As mentioned above, the complexity, isolation, privacy and security of data are the key factors that plague and restrict the deepening development and application of AI, including the financial industry. How to solve these data problems, break down data silos, and establish true "big data" while better protecting data privacy and security has become a problem that must be solved in the current development of AI.
The author believes that in the face of these problems, we can have a new way of thinking – federated learning (Federated Learning), whose purpose is to protect user privacy and data security. Federated learning, as the name suggests, is to build a virtual "federal state" to unite large and small "data islands". They are like a state in this "federal state", which not only maintains a certain degree of independence (such as trade secrets, user privacy), but also can jointly model and improve the effect of AI models without sharing data.
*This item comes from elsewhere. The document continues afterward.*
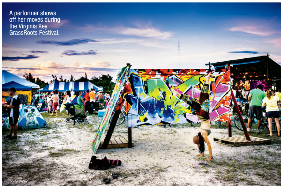
A performer shows off her moves during the Virginia Key GrassRoots Festival.

Essentially, it is a distributed encryption machine learning technology where all parties involved can build models without disclosing the underlying data. This is also a win-win machine learning method. It breaks down the data dimension walls on the top of the mountain, revitalizes large and small "data islands", and connects into a win-win AI continent.
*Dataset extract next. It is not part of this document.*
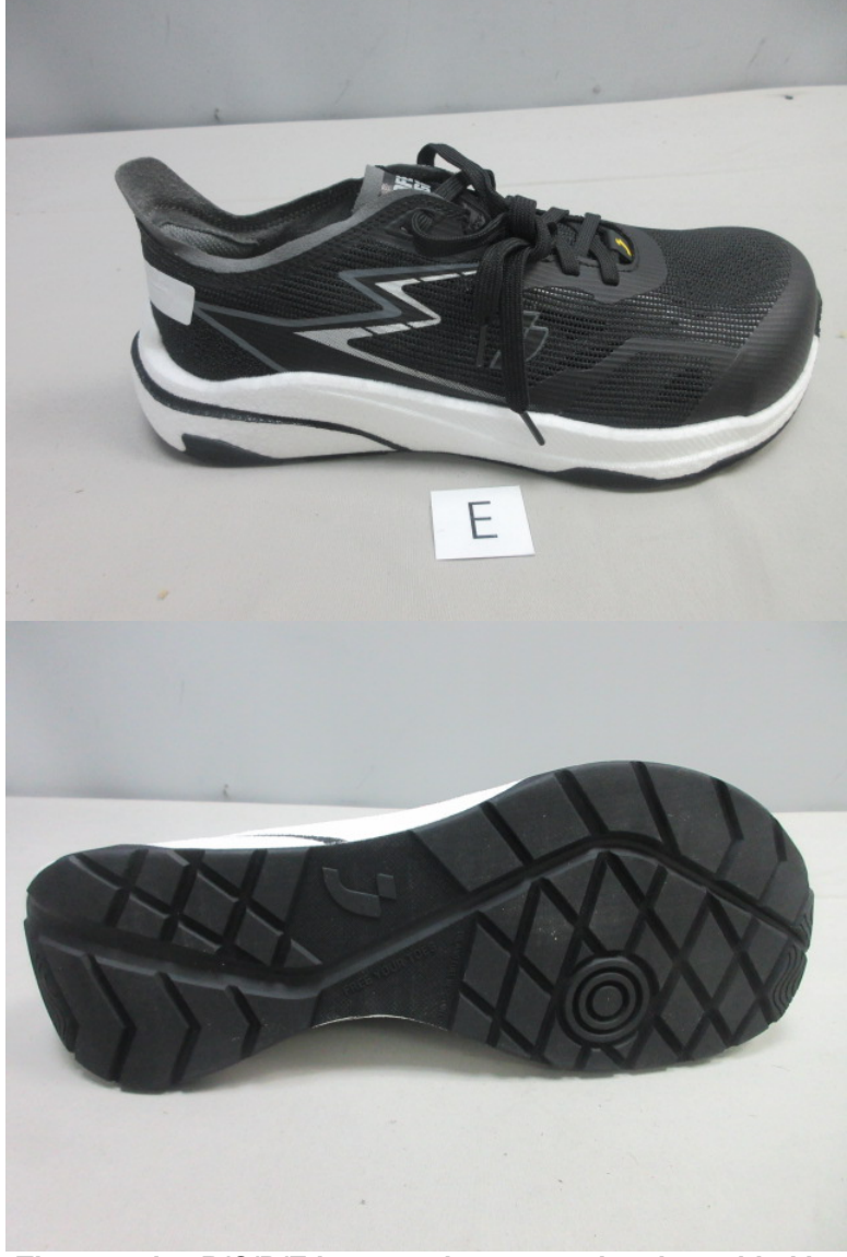
The samples B/C/D/E have not been tested and provided by the client for reference only

In the field of finance, federated learning can be used to analyze potential fraud; in the field of insurance pricing, it can accurately analyze the attributes of users in more dimensions. For enterprises, the application of federated learning can save costs more effectively, and it can also make user classification more accurate. In addition, for some very sensitive data scenarios, such as the medical field, different hospitals can also share sensitive medical data through federated learning technology.
The future AI new generation of machine learning algorithm framework should be based on privacy protection, security compliance, reasonable interpretation, and transparent reasoning mechanism to ensure the healthy development of artificial intelligence. The development and practice of federated learning provides new ideas for the industry. Of course, the construction of AI ecology and the construction of big data also requires different enterprises, scholars, and research institutions to join forces, share technology, share data, and unite forces to jointly solve data silos and user privacy issues.
AIFuture: Basic research still requires continued efforts
So, what is the current development of AI in China, and what are the future prospects? Ma Songde, former vice minister of the Ministry of Science and Technology, and many other experts and scholars have said that China’s application of AI will be the largest in the world, and the prospects are very good, but continued efforts are needed in basic research.
The author believes that in recent years, China’s AI map has been "dots" one by one, but it has not been able to form a "face". In other words, a deep AI application ecosystem that can open up the industrial chain has not been established, and there is still a lack of system level and infrastructure building.
At present, the industry’s understanding and application of AI is more limited to the single-function product level. For example, an enterprise introduces AI assistance in certain process links, such as human-machine interaction and facial recognition, but such an enterprise cannot be said to be an artificial intelligence enterprise. The entire industry should have a deeper understanding of AI, so that AI can drive the optimization of the core decision-making system of the industry, and maximize the advantages and revolutionaries of AI.
It is hoped that in the future, China’s AI colleagues will pay more attention to basic research and work together to truly drive the development and implementation of core, in-depth, and industrialized AI.